Work item:
Send back the records exactly as written, with no images.
--- Data under study ---
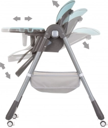 Il doppio vassoio con parte superiore removibile semplifica la manutenzione e lo scorrimento in 4 posizioni si adatta a ogni situazione. L’archetto con giochini intrattiene il bebè, mentre tu puoi preparare la tavola in tranquillità. Le quattro ruote facilitano gli spostamenti in casa e il cesto portaoggetti mantiene a portata di mano tutti gli accessori necessari. Dopo i pasti, richiudi il seggiolone in modo rapido e compatto per risparmiare spazio.
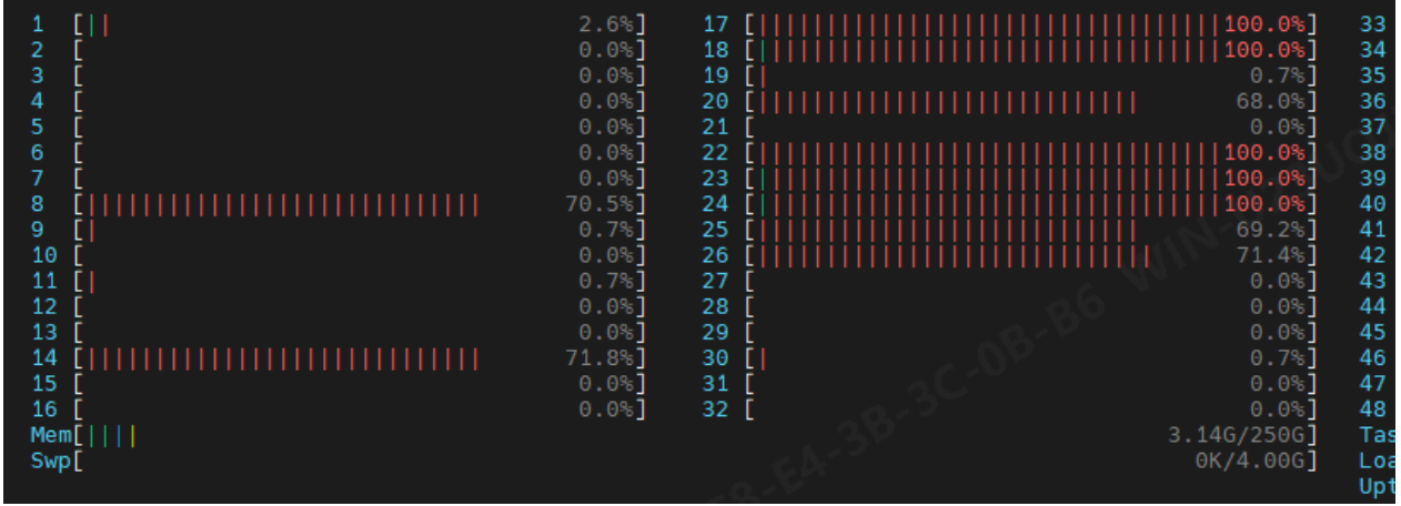 N20作为server端,接收数据,如果要稳定在90GB/s以上至少需要6个核,5个核的时候运行一段时间CPU占用率会跑到100%,导致后面速率下降。
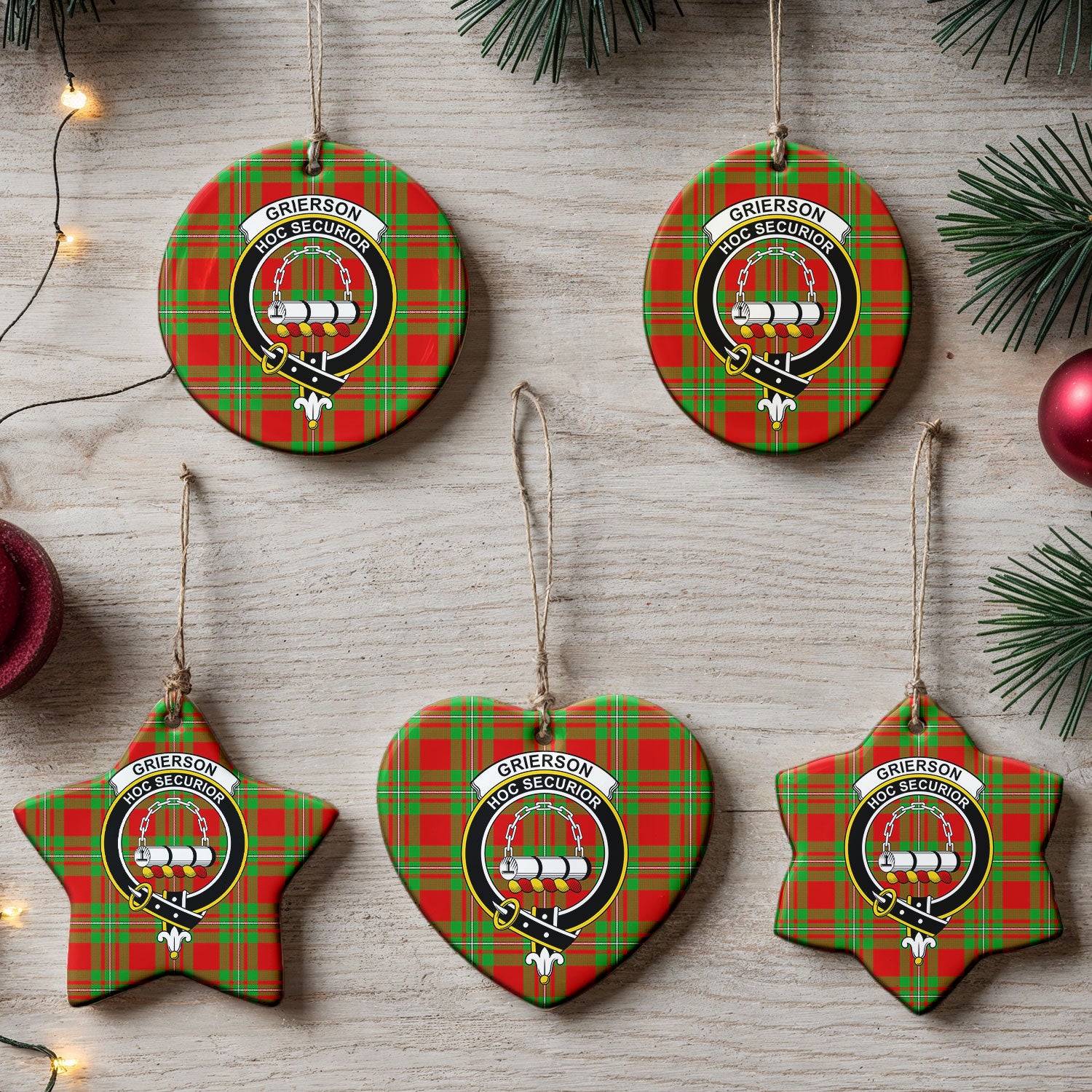 Grierson Tartan Crest Christmas Ceramic Ornament
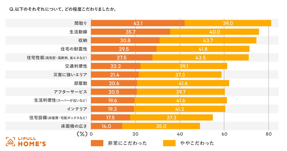 注文住宅を建てるうえで、非常にこだわったポイントは、「間取り」が42.1%で最も高くなりました。次に多かったのが「生活動線」(35.7%)、「収納」(30.8%)で、日々の暮らしに密接な部分にこだわったことがうかがえます。
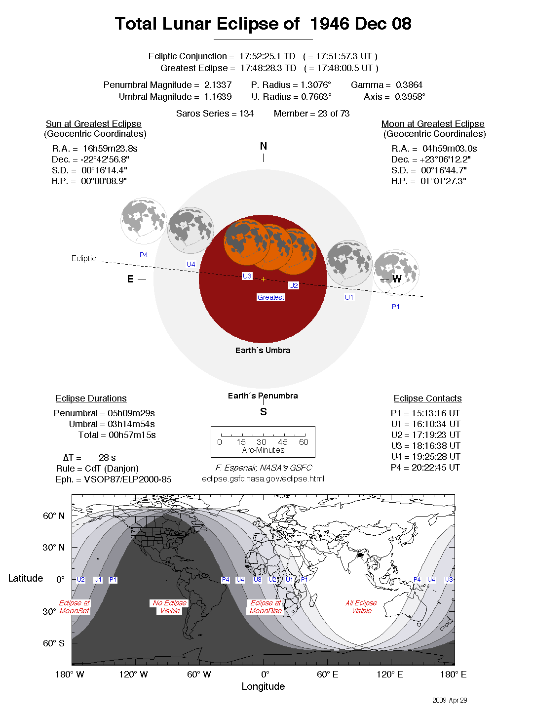 The tables below contain detailed predictions and additional information on the Total Lunar Eclipse of 1946 Dec 08 .
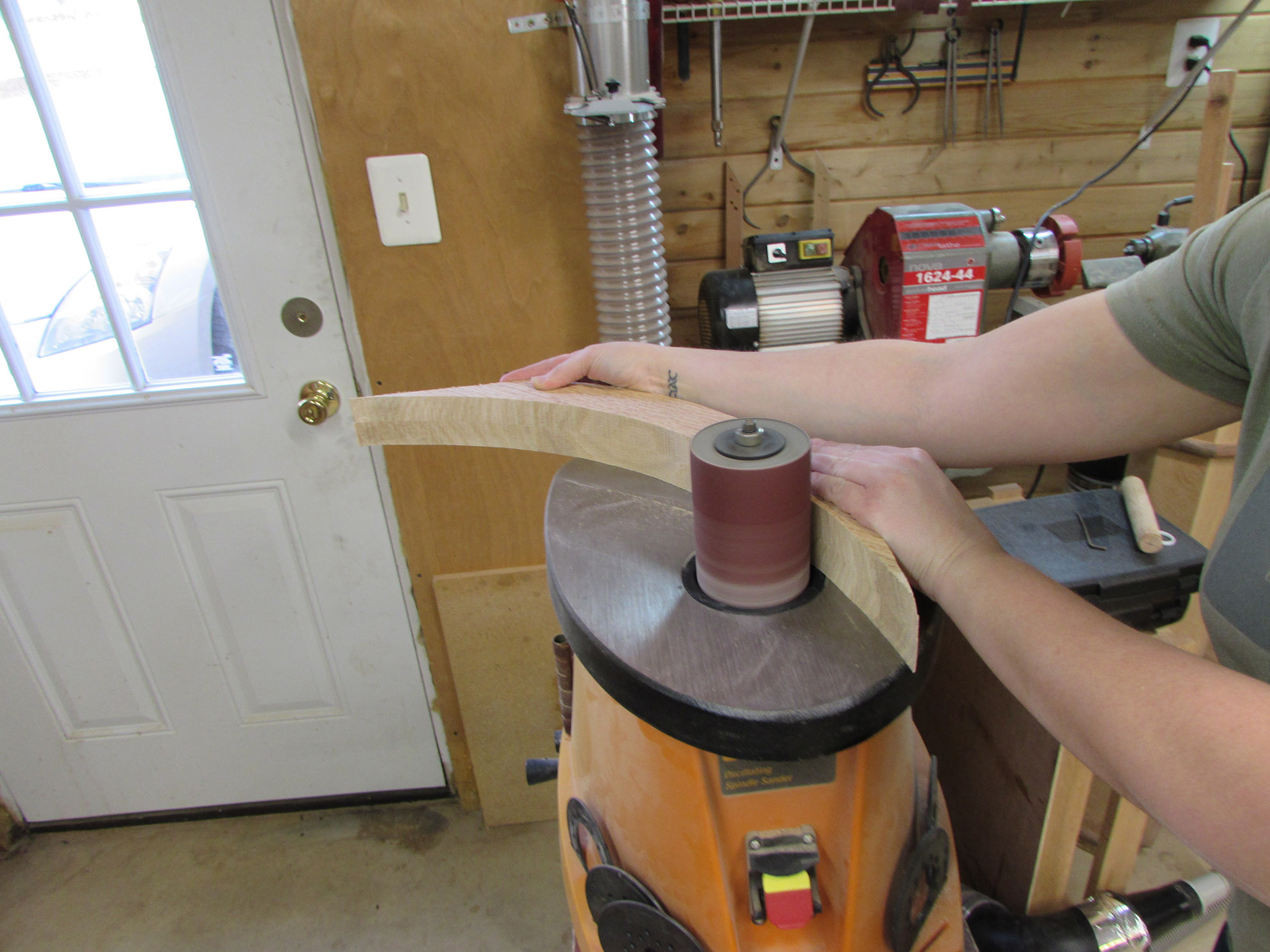 Once they were roughly shaped, Erin started cleaning up the edges on the spindle sander.
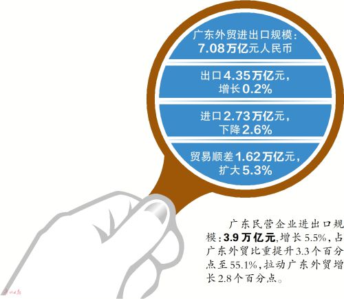 其中,民营企业带动作用突出,内生动力增强。2020年,广东民营企业进出口3.9万亿元,增长5.5%,占广东外贸比重提升3.3个百分点至55.1%,拉动广东外贸增长2.8个百分点;外商投资企业进出口2.79万亿元,下降7%;国有企业3748.2亿元,下降10.7%。
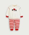 クリスマスシーズンだけでなくデイリーにもおすすめなモコモコして暖かい、起毛素材の長袖トップスとロングパンツのセット。長袖トップスはフロントのキノコのステッチや袖の切り替えをカラフルにすることでおしゃれな印象に。パンツはカラーボーダーがかわいく、起毛素材なので保温性があります。
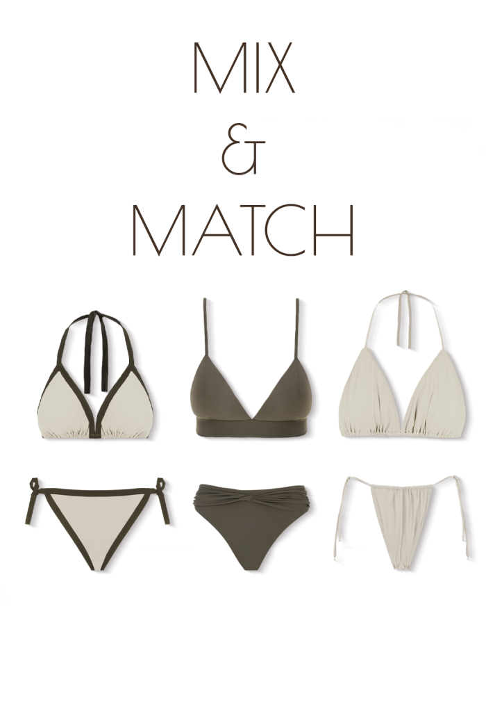 Сет од три дводелни костими за капење што овозможува комбинација на боите и моделите.
---
Result below:
 Il doppio vassoio con parte superiore removibile semplifica la manutenzione e lo scorrimento in 4 posizioni si adatta a ogni situazione. L’archetto con giochini intrattiene il bebè, mentre tu puoi preparare la tavola in tranquillità. Le quattro ruote facilitano gli spostamenti in casa e il cesto portaoggetti mantiene a portata di mano tutti gli accessori necessari. Dopo i pasti, richiudi il seggiolone in modo rapido e compatto per risparmiare spazio.
 N20作为server端,接收数据,如果要稳定在90GB/s以上至少需要6个核,5个核的时候运行一段时间CPU占用率会跑到100%,导致后面速率下降。
 Grierson Tartan Crest Christmas Ceramic Ornament
 注文住宅を建てるうえで、非常にこだわったポイントは、「間取り」が42.1%で最も高くなりました。次に多かったのが「生活動線」(35.7%)、「収納」(30.8%)で、日々の暮らしに密接な部分にこだわったことがうかがえます。
 The tables below contain detailed predictions and additional information on the Total Lunar Eclipse of 1946 Dec 08 .
 Once they were roughly shaped, Erin started cleaning up the edges on the spindle sander.
 其中,民营企业带动作用突出,内生动力增强。2020年,广东民营企业进出口3.9万亿元,增长5.5%,占广东外贸比重提升3.3个百分点至55.1%,拉动广东外贸增长2.8个百分点;外商投资企业进出口2.79万亿元,下降7%;国有企业3748.2亿元,下降10.7%。
 クリスマスシーズンだけでなくデイリーにもおすすめなモコモコして暖かい、起毛素材の長袖トップスとロングパンツのセット。長袖トップスはフロントのキノコのステッチや袖の切り替えをカラフルにすることでおしゃれな印象に。パンツはカラーボーダーがかわいく、起毛素材なので保温性があります。
 Сет од три дводелни костими за капење што овозможува комбинација на боите и моделите.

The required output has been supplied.